Le dollar est en réalité plus important qu’il ne le mérite à cause de ce que l’on appelle l’effet net, ce qui signifie que les gens utilisent la devise américaine parce que d’autres l’utilisent, tout comme les gens apprennent l’anglais parce qu’ils doivent traiter avec des personnes qui le parlent.

Le principal préjudice causé à cette situation concerne les pays les moins avancés, dont les économies souffrent des fluctuations des taux d’intérêt américains et de la valeur du dollar, qui a été discuté par le gouverneur de la Banque d’Angleterre, Mark Carney, à la conférence sur la politique monétaire de Jackson Hole et a mis en garde ce qu’il a appelé « accepter le statu quo ».

« Carney » franche le monde

La plupart des idées sur le papier de Carney se concentraient sur la mention de la monnaie numérique de Facebook, la Balance, mais ce n’était qu’une fraction de son argument plus large: le simple fait de placer le dollar en tant que devise dominante met une pression croissante sur l’économie mondiale, qu’il faut en quelque sorte mettre fin. .

En 1971, à l’époque du président Richard Nixon, le secrétaire américain au Trésor, John Kunal, avait déclaré aux ministres des Finances européens: « Le dollar est notre devise, mais c’est votre problème. » Selon Carney, le message américain s’est élargi au cours des cinquante dernières années. Nos problèmes sont aussi les vôtres. « 

Mais qu’en est-il de la centralisation du dollar? Le document de Carney cite les énormes efforts déployés par d’autres économistes, dont l’économiste en chef du FMI, Jetta Gopinath, et montre que le principal problème consiste à importer des factures.
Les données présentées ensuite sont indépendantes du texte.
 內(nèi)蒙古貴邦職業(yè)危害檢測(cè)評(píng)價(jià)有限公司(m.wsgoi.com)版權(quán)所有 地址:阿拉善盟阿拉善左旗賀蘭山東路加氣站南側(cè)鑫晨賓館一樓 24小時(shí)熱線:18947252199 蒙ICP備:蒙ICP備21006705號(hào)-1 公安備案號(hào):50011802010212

En bref, le dollar est la devise préférée pour au moins la moitié des factures du commerce international, soit environ cinq fois plus que la part des États-Unis dans les importations mondiales de produits de base, et en supposant que certains pays pauvres aient besoin d’acheter du pétrole, ils le trouvent à un prix en dollars même s’ils ne le feront pas Importations en provenance des États-Unis.
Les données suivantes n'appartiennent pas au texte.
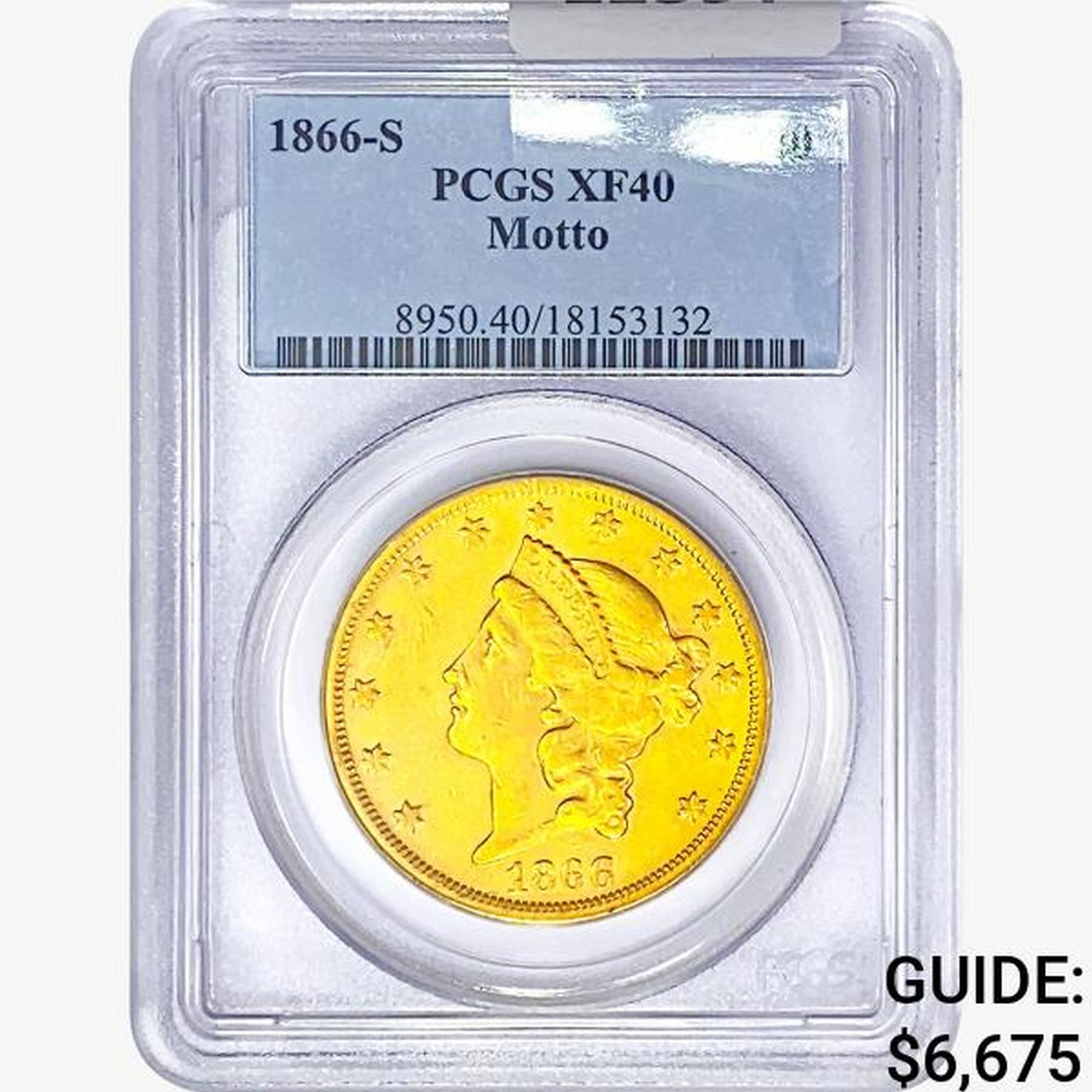 1866-S $20 Gold Double Eagle PCGS XF40 Motto

Mais avec le temps, si la monnaie locale se déprécie par rapport au dollar, ces pays constatent que l’achat de la même quantité de pétrole leur coûtera plus cher et que le fardeau des citoyens ordinaires augmentera.

Les pays pauvres paient pour cette hégémonie

Il serait bon de compenser la facture d’importation élevée d’un pays pauvre avec une augmentation significative de ses exportations, mais si ses exportations sont également libellées en dollars, cela ne se produit pas et ne modifie pas nécessairement le volume des exportations car le prix en dollars n’a pas changé et augmente donc les dépenses d’importation de l’État et n’augmente donc pas ses recettes d’exportation.
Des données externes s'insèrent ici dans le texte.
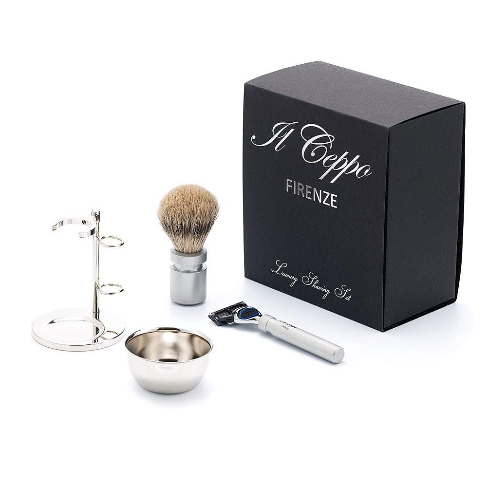Бритвенный набор IL Ceppo: станок, помазок, подставка, чаша, алюминий/никелированная латунь, FUSION, натуральный ворс барсука BEST BADGER SET-S12070FT

Il est vrai que les exportateurs des pays pauvres réalisent d’énormes profits parce que leurs coûts sont exprimés en monnaie locale, mais il faudra peut-être un certain temps (peut-être des années) pour que le secteur de l’exportation se développe et offre plus de main-d’œuvre. Le document préparé par « Jetta » et d’autres en 2017 indiquait que la hausse du dollar de 1% par rapport à toutes les autres monnaies était associée à une baisse de 0,6% à 0,8% des échanges totaux entre le reste du monde.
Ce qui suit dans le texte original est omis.